On The Couch #6: District 9

In the battle between District 9 and Avatar on which would make for a better date movie, Avatar wins hands down. Not because of the 3D, or the more attractive aliens, but because of Avatar’s lack of vomit. If I were to summarize District 9 in three words, it would be “too much vomit.” Someone seems to be upchucking every few minutes in the movie. It doesn’t matter if you’re human or alien; if you’re a character in the movie, there’s a good chance you’ll heave at some point. Even a robotic exoskeleton battle-suit throws up a couple of times. I didn’t know robots could barf!

If District 9 had a smaller special effects budget.

Once you get past all the ralphing, District 9 is a pretty cool movie. I like science fiction films that use aliens to highlight how shitty we can treat our fellow man. The aliens in District 9 are freaky looking, with a mother ship right out of Independence Day, but unlike the aliens on V, they’re not bent on world domination. They’re also not cute and cuddly like ET. They’re just trying to get by, living in their shantytown, dealing with prejudice from the local populace, getting screwed by the government and big corporations, selling outer space tech to the local Nigerian gang, and eating as much delicious cat food they can get their appendages on.

To be honest, I’m surprised there’s such a backlash against Avatar, but such a love for District 9. Both are about humans gaining an appreciation for the other side by becoming one of them. Both show that corporations care more about making money than doing the right thing. Both feature villains that are pulled from the action villain cliché book. So what is it? Does having Peter Jackson as a producer give it a certain amount of cache that James Cameron doesn’t carry any more? Did Titanic ruin Cameron for the sci-fi set?

By seeing District 9, I’m one step closer to seeing all 10 Best Picture nominations for this year’s Oscars. I’m a bit behind on that, having only seen 6 of 10. I’m behind on other things as well: behind at the theater and behind on the couch. I’m hoping to catch up on all three this week. Hurt Locker should be arriving in the mail from Netflix on Saturday, which leaves The Blind Side, Precious: Based on the novel Push by Sapphire, and A Single Man to see in the theater by Sunday evening. Can I do it?

4 thoughts on “On The Couch #6: District 9

  1. Bryan says:

    I went in expecting this to be a lot more of an “Apartheid is Bad” movie…and I guess it was a pleasant surprise that, after the first half hour or so, it just turned into a good sci-fi movie. I mean, sure there’s the “humans gaining an appreciation for the other side by becoming one of them” thing that carries through the whole way; well, actually, 95% of the time Wikus is more concerned with being Fixed than helping out the aliens. Sure, he realizes that Apartheid (not to mention Alien Autopsies) is Bad, but he’s still pretty much motivated by selfishness.

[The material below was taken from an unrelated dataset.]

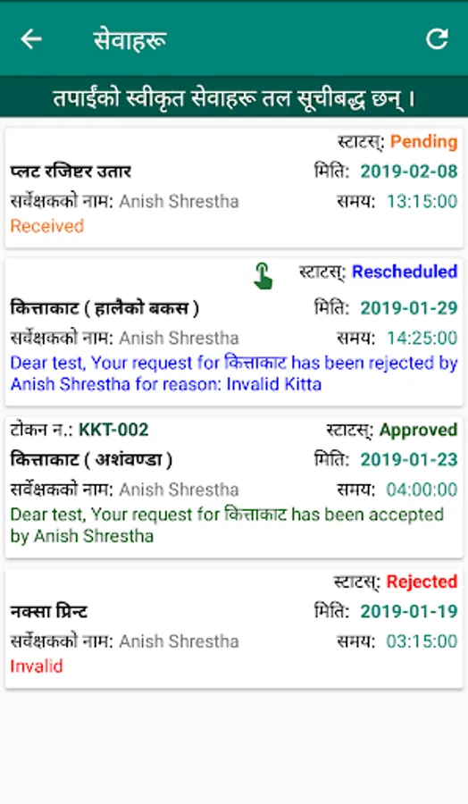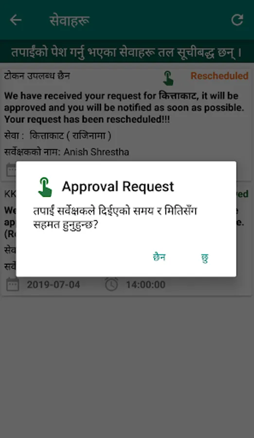 Survey Office Kaski, Pokhara (SOKP) is a government organization under the Ministry of Land Management, Cooperatives and Poverty Alleviation, Government of Nepal. This SOKP application is a user centric mobile application which provides official information and facilitate to request eToken for the survey services. Any user can get instant information sent by the survey office with a notification via this mobile application. The application also provides official application forms and formats required for the official process and procedures. The user can use this mobile application to request an eToken for scheduling an appointment for a specified service, date and time from anywhere and anytime. After applying for the eToken, the user will be notified with a status of approval with an eToken or request for rescheduling or rejection of the request.

    I’m actually pretty surprised it got so much mainstream love — although I don’t remember what the rest of that year’s Oscar bait was that it beat out for a nomination. I didn’t think the deep symbolic themes were all that deep — not bad, just not all that special — and it was just a worthy successor to Aliens. Which is still a pretty good outcome.

  2. Dave says:

    This movie was terrible. I do not understand how it was nominated for Best Picture. I did not sign up for Aliens eating cat food and want those 112 minutes of my life back.

  3. Dave says:

    I’ll give it 1 out of 5 stars and that’s being generous on my scale.

  4. I thought it was pretty cool. Good, not great. I think I gave it 3 out of 5 stars on Netflix. Though the further I get away from it, the less likely I seem to want to recommend it to anyone.

    It was definitely overhyped for me, between the Oscar nomination and friends talking it up when it first came out.